Exercise details: Drop every picture, then transcribe the remaining data exactly.

Input data:
^^^^^^^^^^^^^^^^
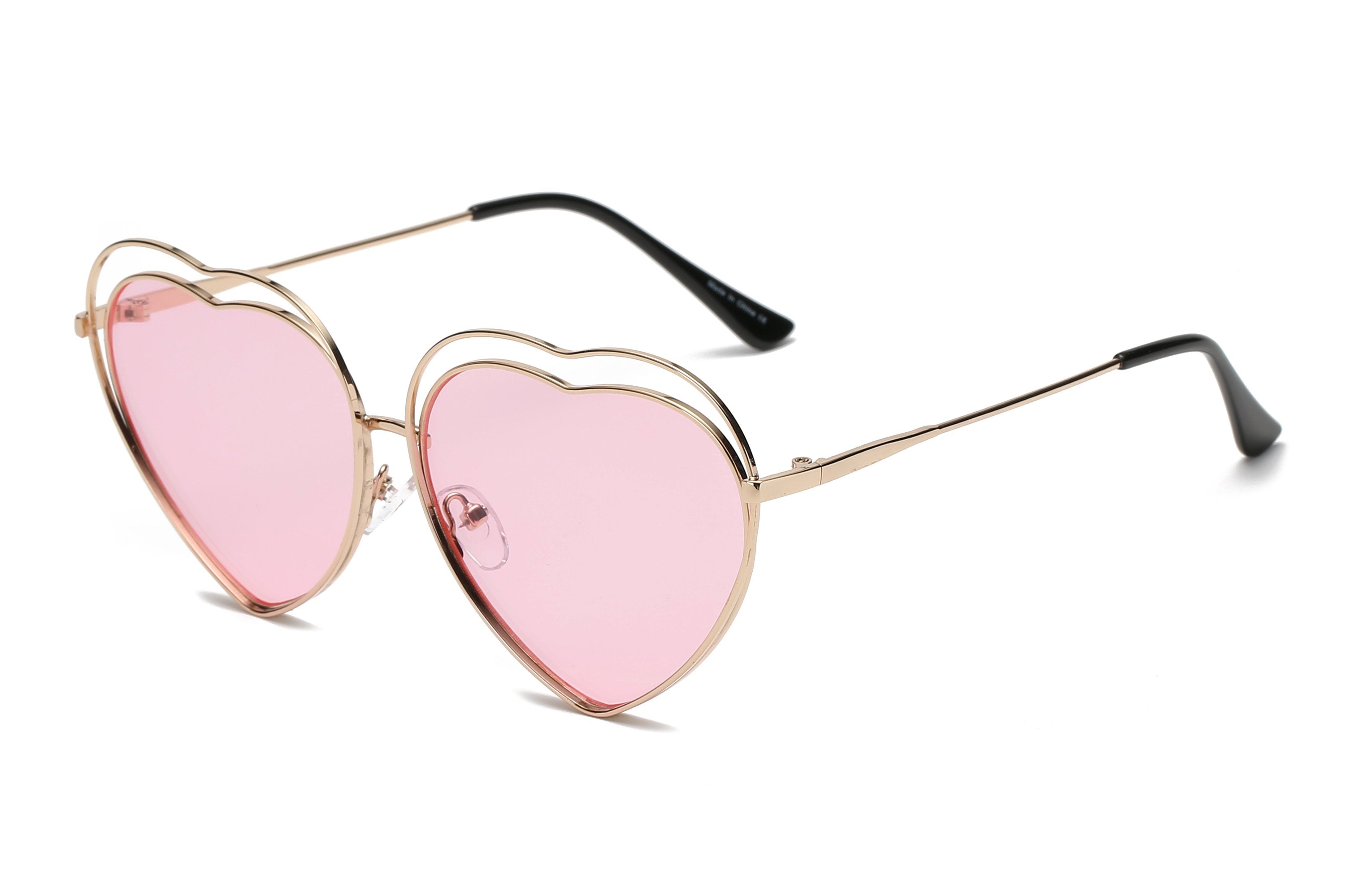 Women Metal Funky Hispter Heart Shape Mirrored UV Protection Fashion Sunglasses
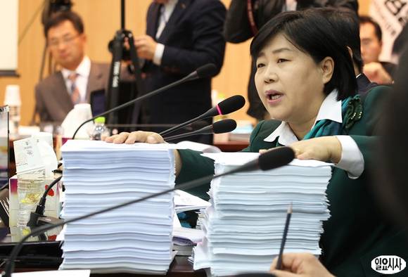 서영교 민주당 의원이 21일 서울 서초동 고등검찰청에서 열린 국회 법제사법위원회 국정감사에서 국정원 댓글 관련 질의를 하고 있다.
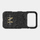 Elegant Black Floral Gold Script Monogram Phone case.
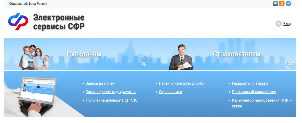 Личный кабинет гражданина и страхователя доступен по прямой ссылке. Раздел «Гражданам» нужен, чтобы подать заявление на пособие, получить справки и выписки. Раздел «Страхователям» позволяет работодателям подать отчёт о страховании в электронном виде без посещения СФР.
^^^^^^^^^^^^^^^^
Answer box:
 Women Metal Funky Hispter Heart Shape Mirrored UV Protection Fashion Sunglasses
 서영교 민주당 의원이 21일 서울 서초동 고등검찰청에서 열린 국회 법제사법위원회 국정감사에서 국정원 댓글 관련 질의를 하고 있다.
 Elegant Black Floral Gold Script Monogram Phone case.
 Личный кабинет гражданина и страхователя доступен по прямой ссылке. Раздел «Гражданам» нужен, чтобы подать заявление на пособие, получить справки и выписки. Раздел «Страхователям» позволяет работодателям подать отчёт о страховании в электронном виде без посещения СФР.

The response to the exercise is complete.